Corporate Heartbeat
I wrote last night about “corporate heart” and my emotion flowed about how those with extreme logic will sometimes espouse that logic at the expense of trust and empowerment. As I continued to think through what corporate heart really meant, I kept coming back to the corporate heartbeat and realized this morning that every corporate heart has a pacemaker, and that pacemaker provides the consistency, the pace, and the volume of the flow of corporate blood being pumped all over the corporate body. In some organizations, that pacemaker is the leader and the leader sets the pace and determines the volume of blood and all parts of the organizational body take their direction and pace from that leader. As I think back on some of the business leaders I’ve read about in my past, Jack Welch and Lou Gerstner were two business leaders that clearly were the pacemakers for their organizations. In other organizations, the original owners may still control the board and that board may then be the pacemaker for the heart of the organization.
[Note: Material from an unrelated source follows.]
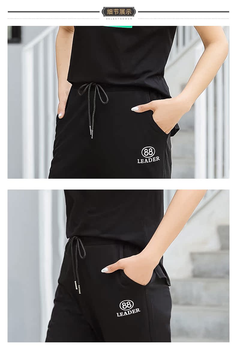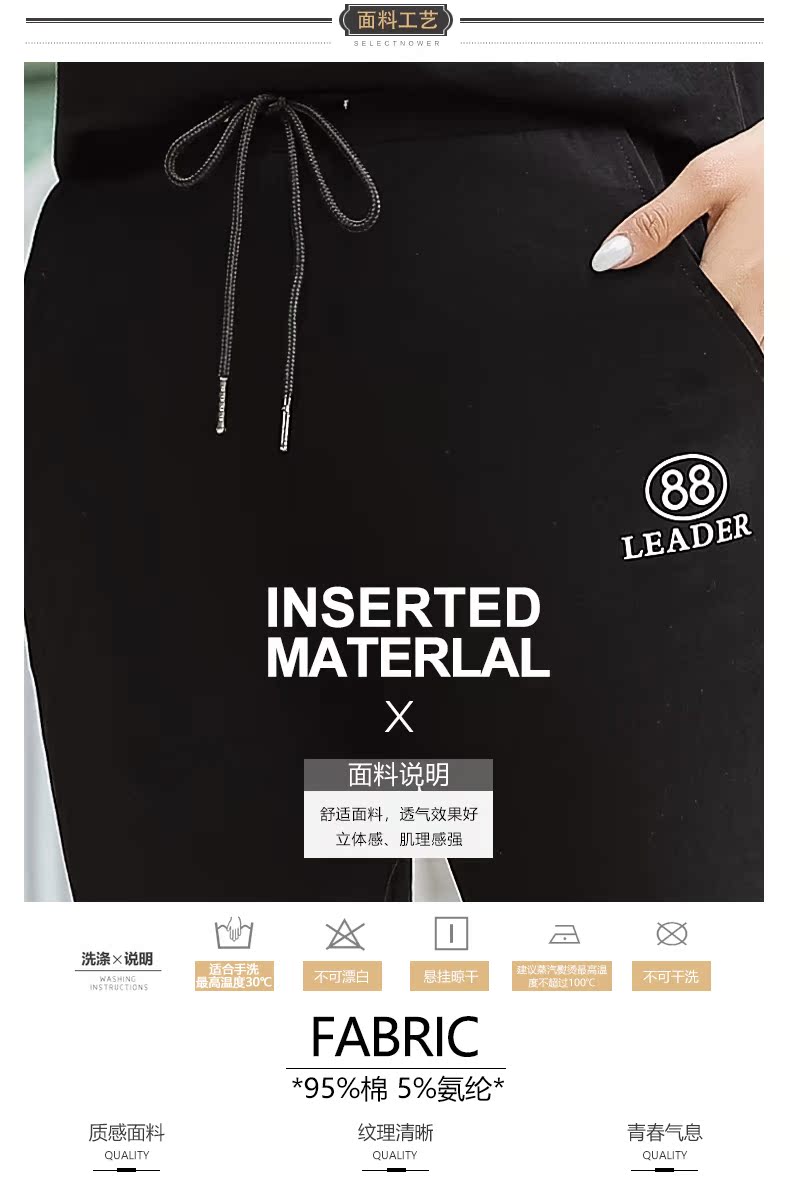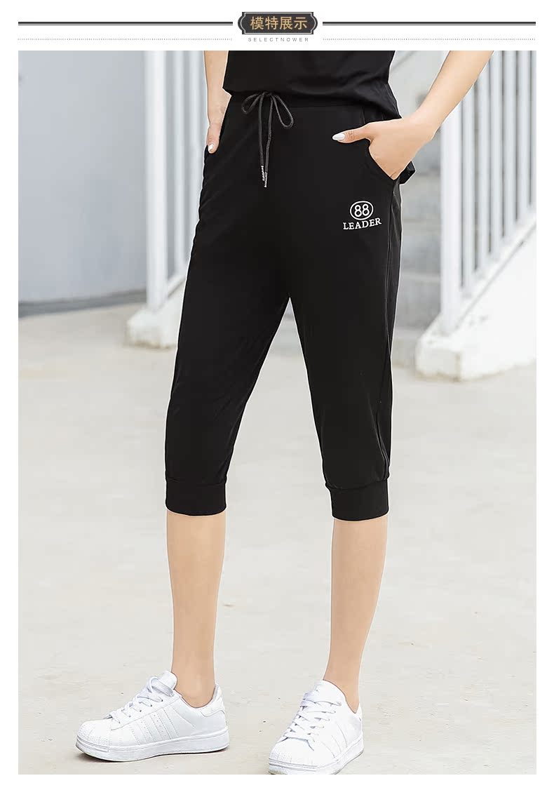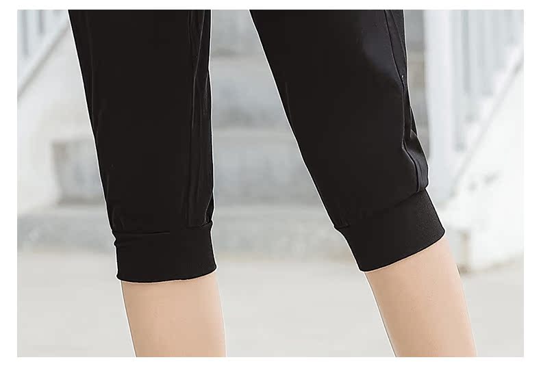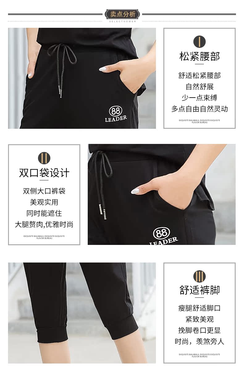 韓版大碼運動褲女新款2019夏裝純棉黑色七分褲小腳休閑褲束腳褲子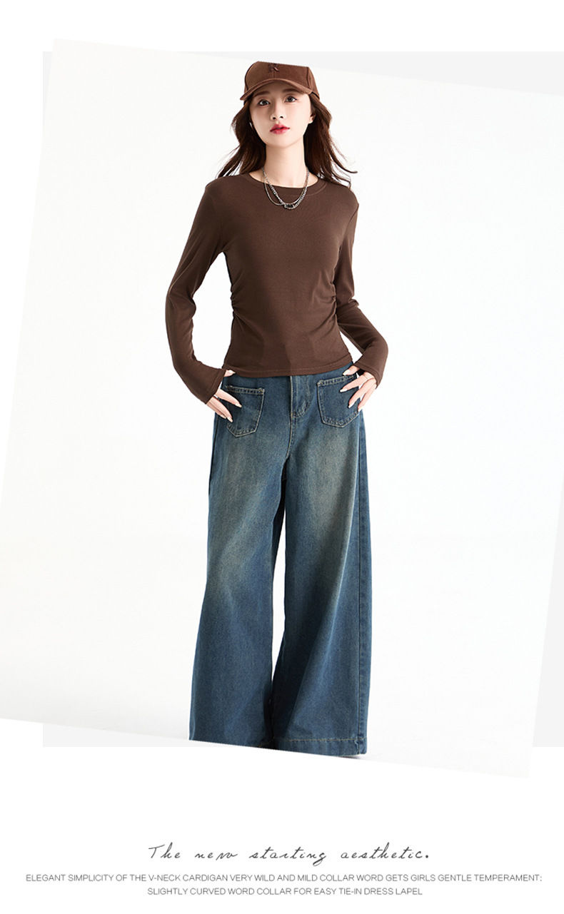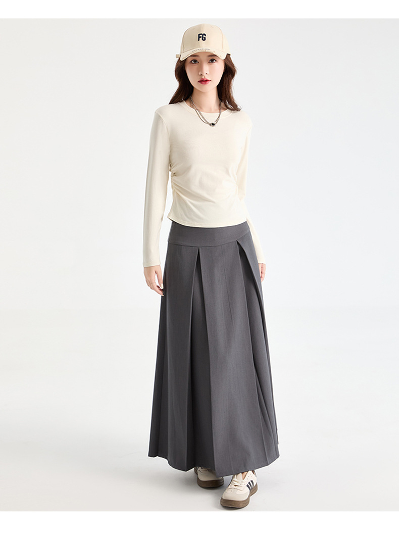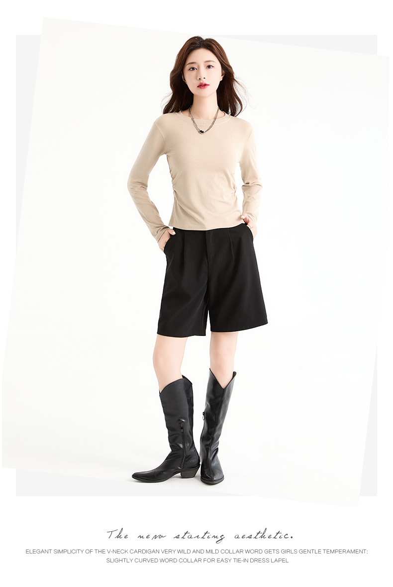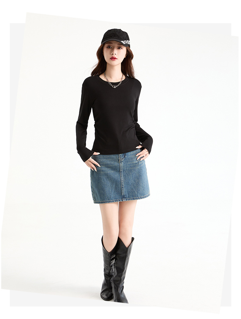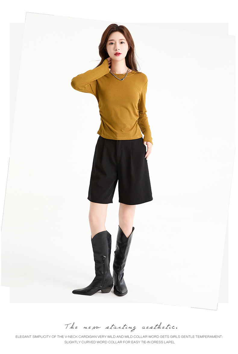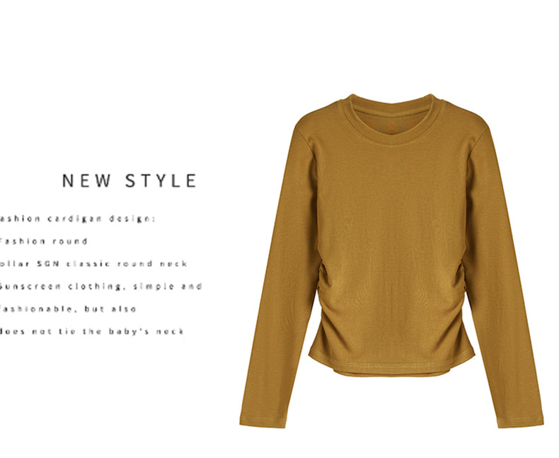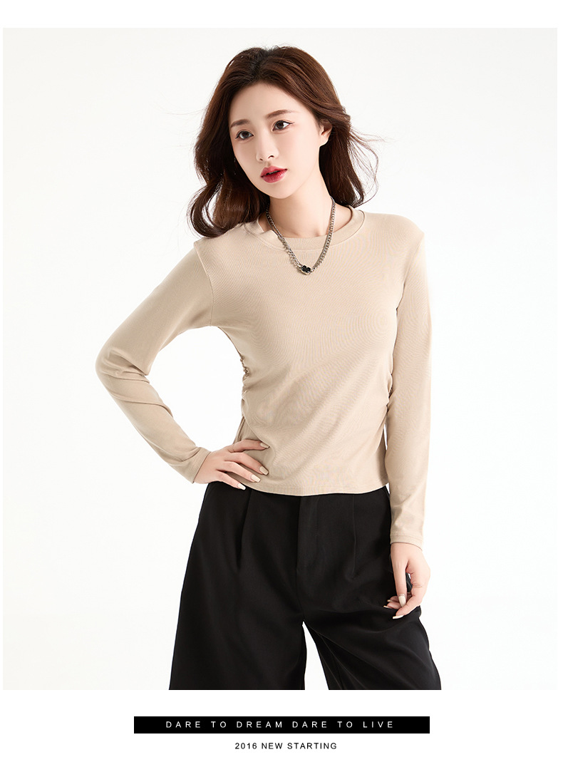 设计感褶皱圆领打底衫女秋季新款修身显瘦收腰不规则打底上衣长袖

In our organization, however, the pacemaker for our heartbeat is our owners and it’s their culture and their faith that drive the consistency, the pace, and the volume from our corporate heart. It’s our owners that everyone in this organization synch up to, and it’s that common pursuit of delivering well beyond their expectations that motivates us all. As we’ve grown bigger, new people with vastly deep experience have come in to offer their logic to our owner driven heartbeat. As with most very talented and aggressive people, they’ve stepped in as stimulants to the pacemaking rather than synchronizing partners to the pace already established. Over time, those individuals will either dramatically change the pace of heartbeat or they will come in align with the heartbeat established by those providing the pacing.
One of our elders once told me, “sometimes we know too much, don’t we.” It’s so hard to quietly listen to hear that heartbeat and then allow that pacemaker to then pull you in to that organizational flow. It’s also sometimes so very hard to understand how we can add the great experience and aggressiveness of new team members to an already pumping heart and make it stronger without needing to change out or radically redesign the current pacemaker. We’re programmed from early on to compete and win, to sense and react, to take charge and succeed, and yet that programming can be completely counter to a trust and empowerment heartbeat of any organization.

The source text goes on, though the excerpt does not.